- [TASK TO CARRY OUT]: Without any pictures, copy the records below once more, exactly as they are.

- [SUPPLIED RECORDS]:
________
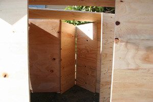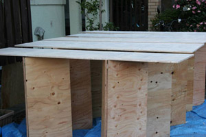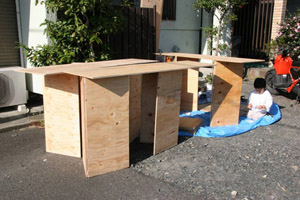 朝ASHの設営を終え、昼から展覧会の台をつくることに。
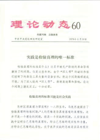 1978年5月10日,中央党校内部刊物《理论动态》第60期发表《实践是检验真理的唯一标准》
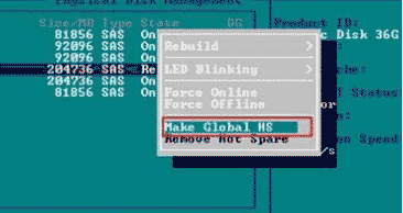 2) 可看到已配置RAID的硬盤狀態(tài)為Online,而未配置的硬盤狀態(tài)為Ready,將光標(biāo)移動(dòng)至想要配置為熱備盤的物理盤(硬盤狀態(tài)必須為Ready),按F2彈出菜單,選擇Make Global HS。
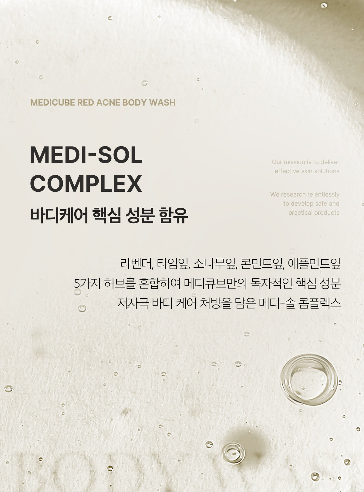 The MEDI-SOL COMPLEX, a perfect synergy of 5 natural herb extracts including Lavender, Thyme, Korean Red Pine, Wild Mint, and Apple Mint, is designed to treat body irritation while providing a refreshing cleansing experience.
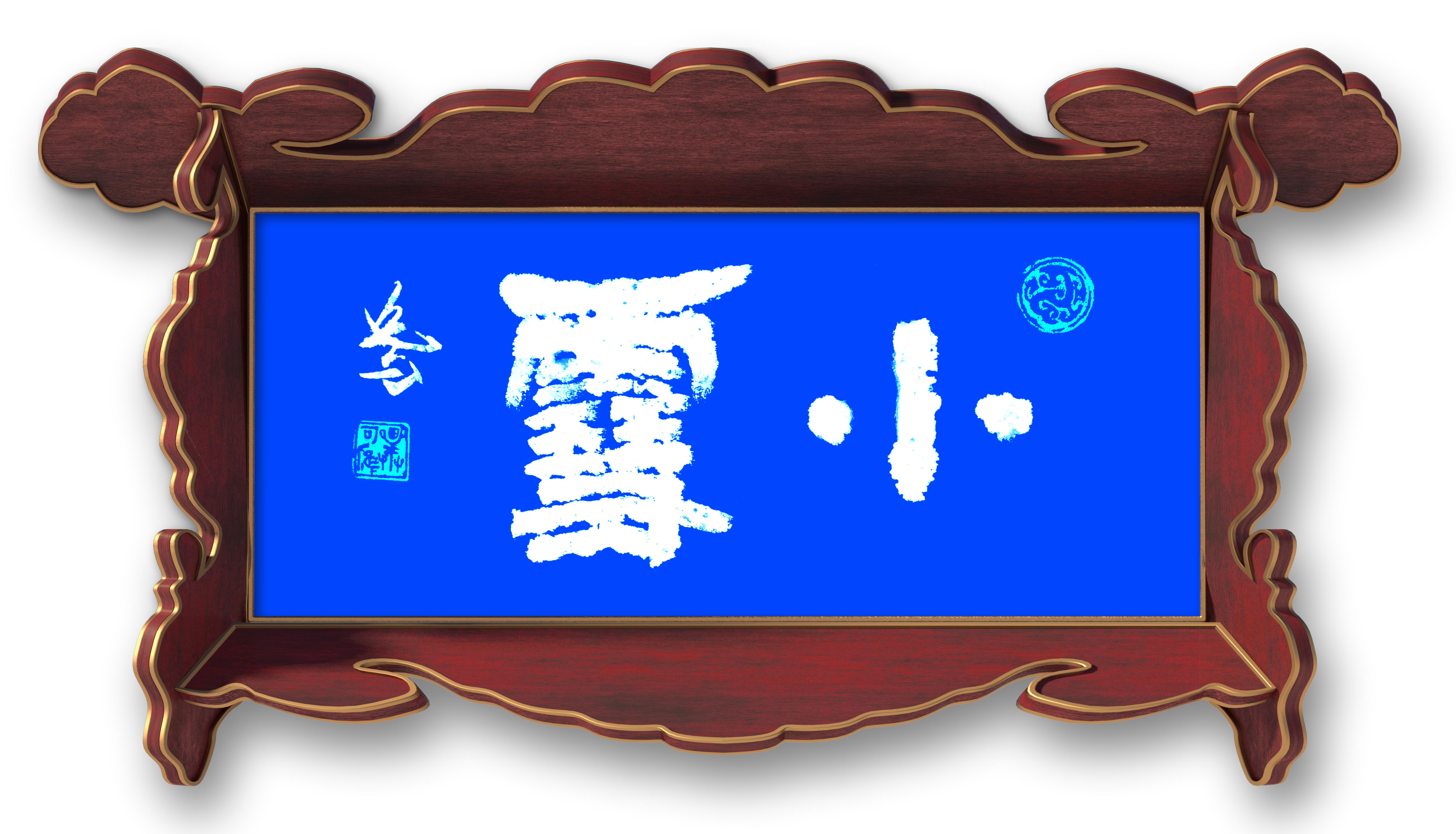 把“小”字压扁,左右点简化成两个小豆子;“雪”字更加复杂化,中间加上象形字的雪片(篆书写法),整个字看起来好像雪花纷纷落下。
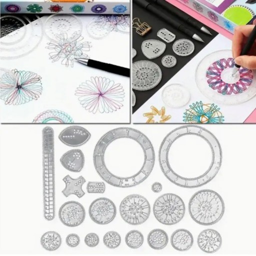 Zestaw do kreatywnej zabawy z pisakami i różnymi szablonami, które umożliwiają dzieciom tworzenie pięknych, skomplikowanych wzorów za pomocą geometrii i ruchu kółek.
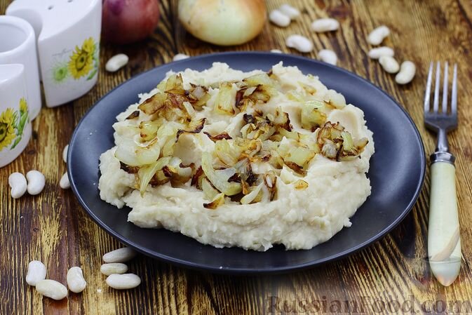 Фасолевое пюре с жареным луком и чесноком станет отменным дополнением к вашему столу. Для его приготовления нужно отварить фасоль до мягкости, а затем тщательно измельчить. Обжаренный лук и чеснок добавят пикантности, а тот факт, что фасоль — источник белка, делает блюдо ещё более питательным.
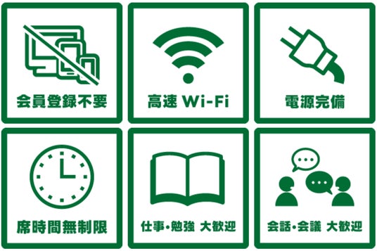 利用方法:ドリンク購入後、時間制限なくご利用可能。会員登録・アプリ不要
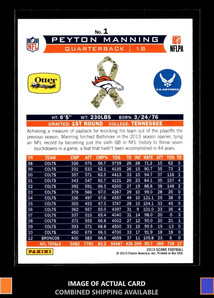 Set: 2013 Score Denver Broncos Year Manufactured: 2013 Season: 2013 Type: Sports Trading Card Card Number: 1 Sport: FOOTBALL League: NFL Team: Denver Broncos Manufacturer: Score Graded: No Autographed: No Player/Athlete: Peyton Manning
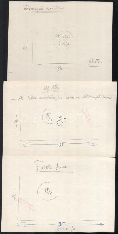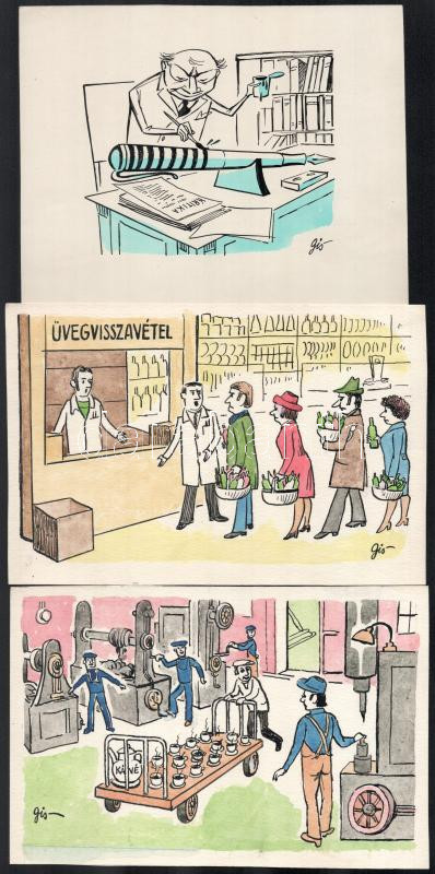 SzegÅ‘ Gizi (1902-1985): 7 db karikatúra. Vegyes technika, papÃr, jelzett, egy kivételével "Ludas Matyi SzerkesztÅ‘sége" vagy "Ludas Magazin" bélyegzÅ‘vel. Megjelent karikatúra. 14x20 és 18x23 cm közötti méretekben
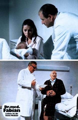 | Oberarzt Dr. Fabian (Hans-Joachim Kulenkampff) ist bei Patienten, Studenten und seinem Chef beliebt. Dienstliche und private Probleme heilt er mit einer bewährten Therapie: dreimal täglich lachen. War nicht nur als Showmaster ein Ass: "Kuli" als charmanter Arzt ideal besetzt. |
________
- [OUTPUT FOR THIS TASK]:
 朝ASHの設営を終え、昼から展覧会の台をつくることに。
 1978年5月10日,中央党校内部刊物《理论动态》第60期发表《实践是检验真理的唯一标准》
 2) 可看到已配置RAID的硬盤狀態(tài)為Online,而未配置的硬盤狀態(tài)為Ready,將光標(biāo)移動(dòng)至想要配置為熱備盤的物理盤(硬盤狀態(tài)必須為Ready),按F2彈出菜單,選擇Make Global HS。
 The MEDI-SOL COMPLEX, a perfect synergy of 5 natural herb extracts including Lavender, Thyme, Korean Red Pine, Wild Mint, and Apple Mint, is designed to treat body irritation while providing a refreshing cleansing experience.
 把“小”字压扁,左右点简化成两个小豆子;“雪”字更加复杂化,中间加上象形字的雪片(篆书写法),整个字看起来好像雪花纷纷落下。
 Zestaw do kreatywnej zabawy z pisakami i różnymi szablonami, które umożliwiają dzieciom tworzenie pięknych, skomplikowanych wzorów za pomocą geometrii i ruchu kółek.
 Фасолевое пюре с жареным луком и чесноком станет отменным дополнением к вашему столу. Для его приготовления нужно отварить фасоль до мягкости, а затем тщательно измельчить. Обжаренный лук и чеснок добавят пикантности, а тот факт, что фасоль — источник белка, делает блюдо ещё более питательным.
 利用方法:ドリンク購入後、時間制限なくご利用可能。会員登録・アプリ不要
 Set: 2013 Score Denver Broncos Year Manufactured: 2013 Season: 2013 Type: Sports Trading Card Card Number: 1 Sport: FOOTBALL League: NFL Team: Denver Broncos Manufacturer: Score Graded: No Autographed: No Player/Athlete: Peyton Manning
 SzegÅ‘ Gizi (1902-1985): 7 db karikatúra. Vegyes technika, papÃr, jelzett, egy kivételével "Ludas Matyi SzerkesztÅ‘sége" vagy "Ludas Magazin" bélyegzÅ‘vel. Megjelent karikatúra. 14x20 és 18x23 cm közötti méretekben
 | Oberarzt Dr. Fabian (Hans-Joachim Kulenkampff) ist bei Patienten, Studenten und seinem Chef beliebt. Dienstliche und private Probleme heilt er mit einer bewährten Therapie: dreimal täglich lachen. War nicht nur als Showmaster ein Ass: "Kuli" als charmanter Arzt ideal besetzt. |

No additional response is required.